I am trying to develop an XSLT custom function that could return node set or an XML fragment, let's say something like:
Input document:
<root>
<!--
author: blablabla
usage: more blablabla
labelC: [in=2] <b>formatted</b> blablabla
-->
<tag1 name="first">
<tag2>content a</tag2>
<tag2>content b</tag2>
<tag3 attrib="val">content c</tag3>
</tag1>
<!--
author: blebleble
usage: more blebleble
labelC: blebleble
-->
<tag1 name="second">
<tag2>content x</tag2>
<tag2>content y</tag2>
<tag3 attrib="val">content z</tag3>
</tag1>
</root>
So that an XSLT template such as:
<xsl:template match="//tag1/preceding::comment()[1]" xmlns:d="java:com.dummy.func">
<section>
<para>
<xsl:value-of select="d:genDoc(.)"/>
</para>
</section>
</xsl:template>
Would produce:
<section>
<para>
<author>blablabla</author>
<usage>more blablabla</usage>
<labelC in="2"><b>formatted</b> blablabla</labelC>
</para>
</section>
When matched on the first occurrence of tag1 and
<section>
<para>
<author>blebleble</author>
<usage>more blebleble</usage>
<labelC>blebleble</labelC>
</para>
</section>
When matched on the second occurrence.
Basically what I want to achieve with this custom function is to parse some meta-data present in the comments and use it to generate XML.
I found some examples online, one at: http://cafeconleche.org/books/xmljava/chapters/ch17s03.html
According to the example, my function should return one of the following
org.w3c.dom.traversal.NodeIterator,
org.apache.xml.dtm.DTM,
org.apache.xml.dtm.DTMAxisIterator,
org.apache.xml.dtm.DTMIterator,
org.w3c.dom.Node and its subtypes (Element, Attr, etc),
org.w3c.dom.DocumentFragment
I was able to implement a function returning the XML as simple type String.
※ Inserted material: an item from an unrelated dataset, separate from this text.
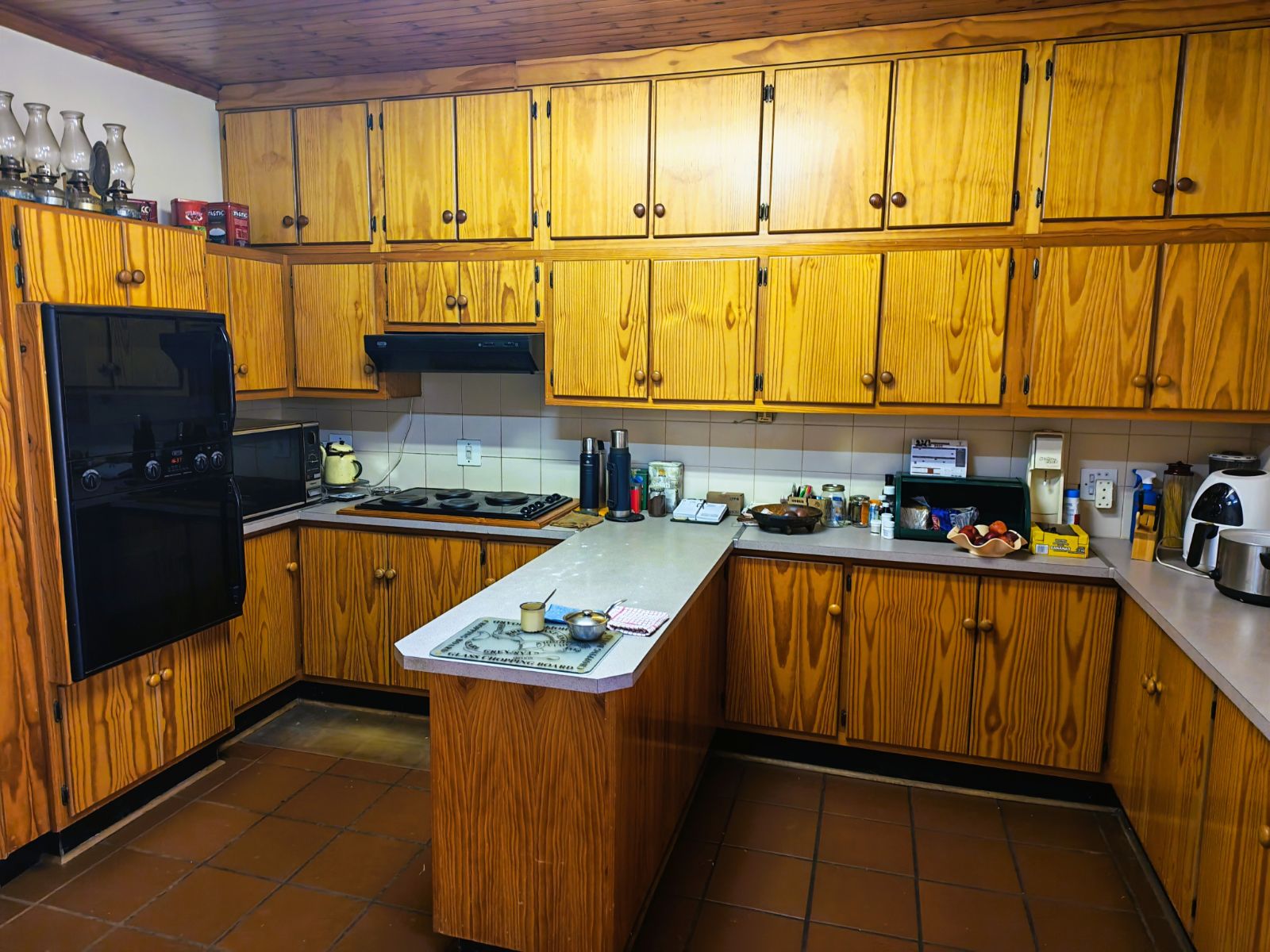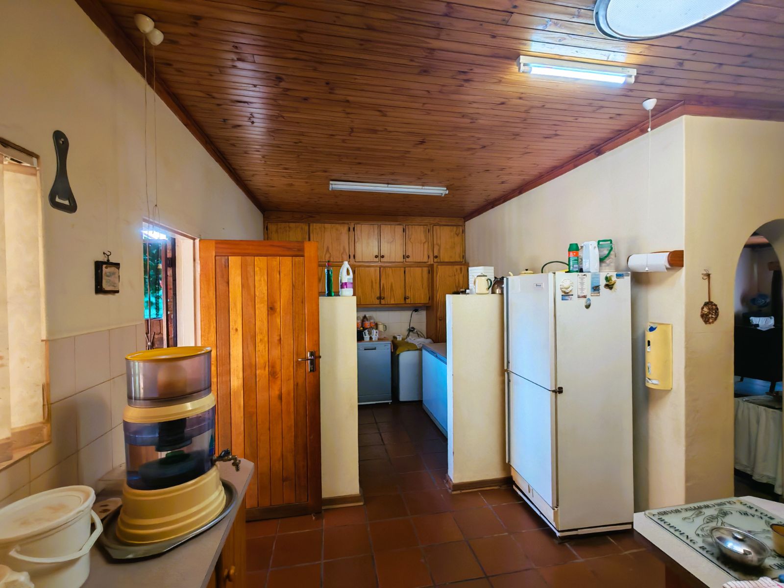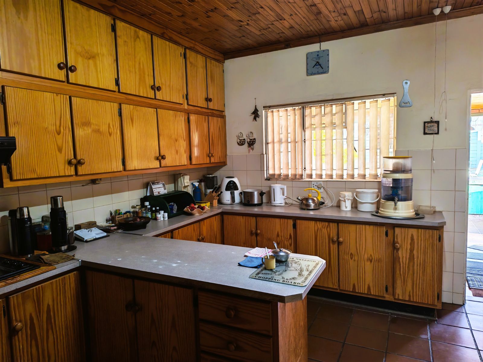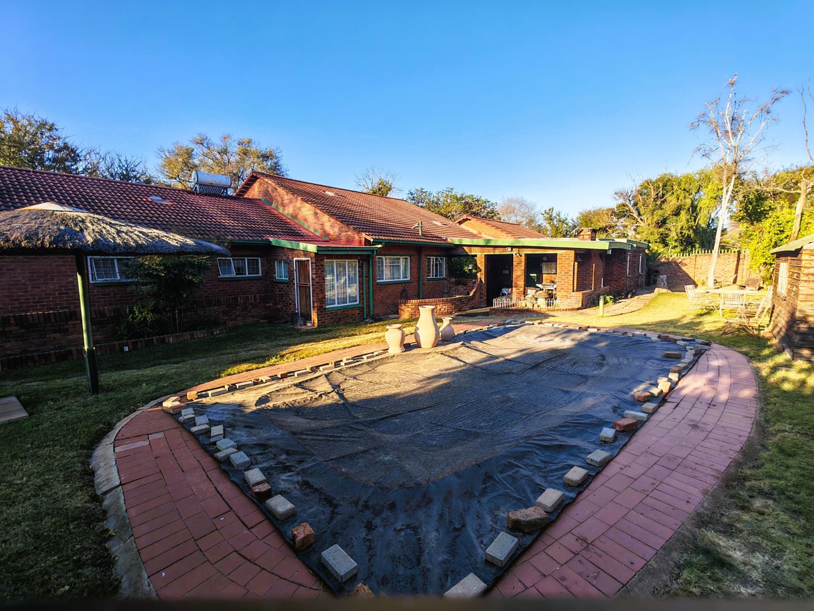 Living areas include a formal lounge off the entrance hall, a cozy study, and a massive open-plan TV lounge and dining room ideal for family life and entertaining. The large kitchen is equipped with ample cupboard space reaching up to the ceiling, a separate scullery, and a laundry area. From the kitchen, you step out onto a covered patio with a built-in braai – perfect for weekend braais and relaxed bushveld living.

This, however poses several other problems: the main being the markers characters get escaped when inserted in the original XML.
Does anybody have an example of how to implement such function? I am mostly interested in how to return a proper XML node set to the calling template.
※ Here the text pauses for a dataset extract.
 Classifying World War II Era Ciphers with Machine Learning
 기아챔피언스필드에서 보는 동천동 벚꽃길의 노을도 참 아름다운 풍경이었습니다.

The below may get you a long way along the road you want to go. Note that this requires XSLT 2.0 version (in XSLT 1.0 it will be possible too, when supplying a replacement function for tokenize
). Also note that this assumes a specific comment contents structure.
Explanation: comments are first split up into rows (delimiter & #xD;
which is a line-feed), then in tag+value (delimiter ":", splitting into author, usage, labelC, the order is not important here), then in attributes and value for labelC (delimiter "] ", recognizing attributes as starting with "[").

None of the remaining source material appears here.